Sulfur isotope studies of post-Archean terrestrial materials have focused on the ratio S-34/S-32 because additional isotopes,S-33 and S-36, were thought to carry little information beyond the well-known mass-dependent relationship among multiple-isotope ratios. We report high-precision analyses of Delta S-33 and Delta S-36 values, defined as deviations of S-33 and S-36 from ideal mass-dependent relationships, for international reference materials and sedimentary sulfides of Phanerozoic age by using a fluorination technique with a dual-inlet isotope ratio mass spectrometer. Measured variations in Delta S-33 and Delta S-36 are explained as resulting from processes involve branching reactions (two or more reservoirs formed) or mixing. Irreversible processes in closed systems (Rayleigh distillation) amplify the isotope effect. We outline how this new isotope proxy can be used to gain new insights into fundamental aspects of the sulfur biogeochemical cycle, including additional constraints on seawater sulfate budget and processes in sedimentary sulfide formation.
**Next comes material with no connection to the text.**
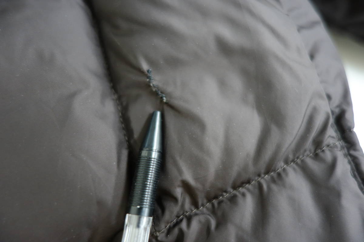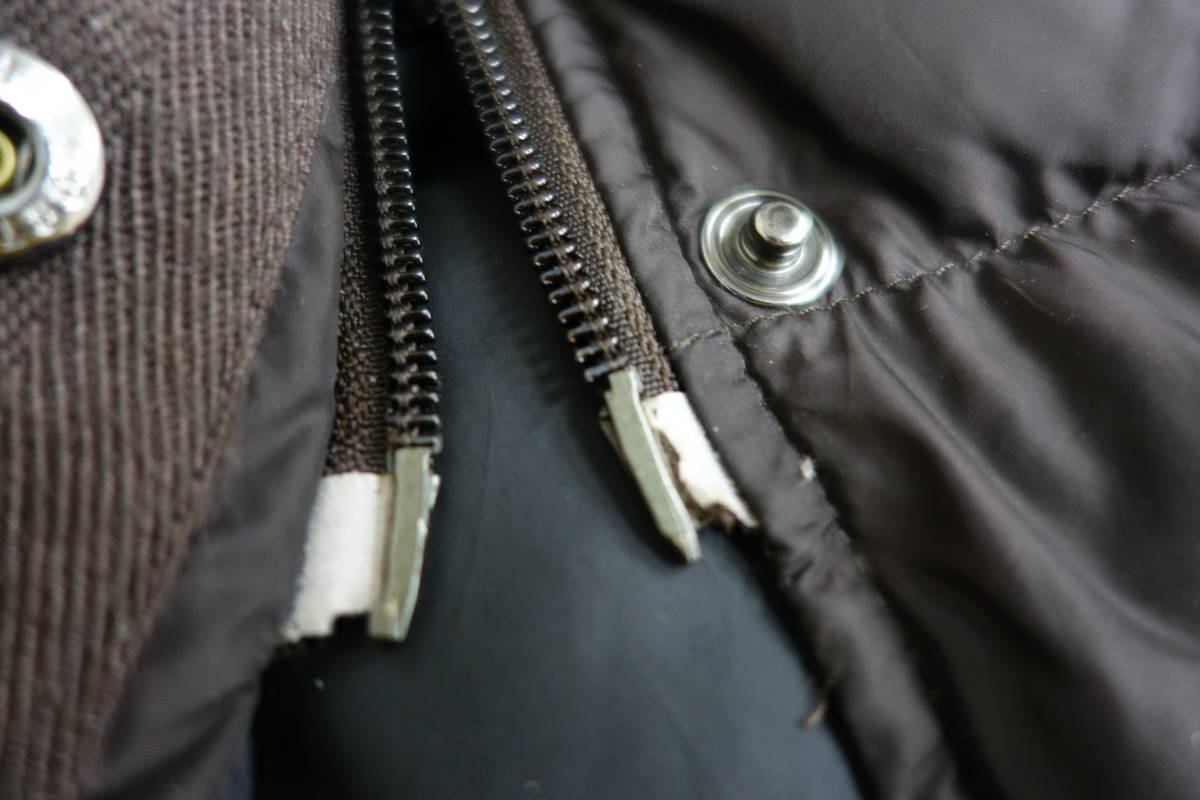 フード欠品してます。ジップ差し込み部分のテープ剥がれありますが開閉は問題なくできます。フロント右ポケット付近に小さい色抜けのような箇所あり、後ろ右脇付近にリペア跡あります。画像参照ください。

The isotope systematics discussed here cannot explain the much larger variation of Delta S-33 and Delta S-36 observed in Archean rock records. Furthermore, Phanerozoic samples we have studied show a characteristic Delta S-33 and Delta S-36 relationship that differs from those measured in Archean rocks and laboratory photolysis experiments. Thus, high precision analysis of Delta S-33 and Delta S-36 can be used to distinguish small non-zero Delta S-33 and Delta S-36 produced by massdependent processes from those produced by mass-independent processes in Archean rocks and extraterrestrial materials. (c) 2006 Elsevier Inc. All rights reserved.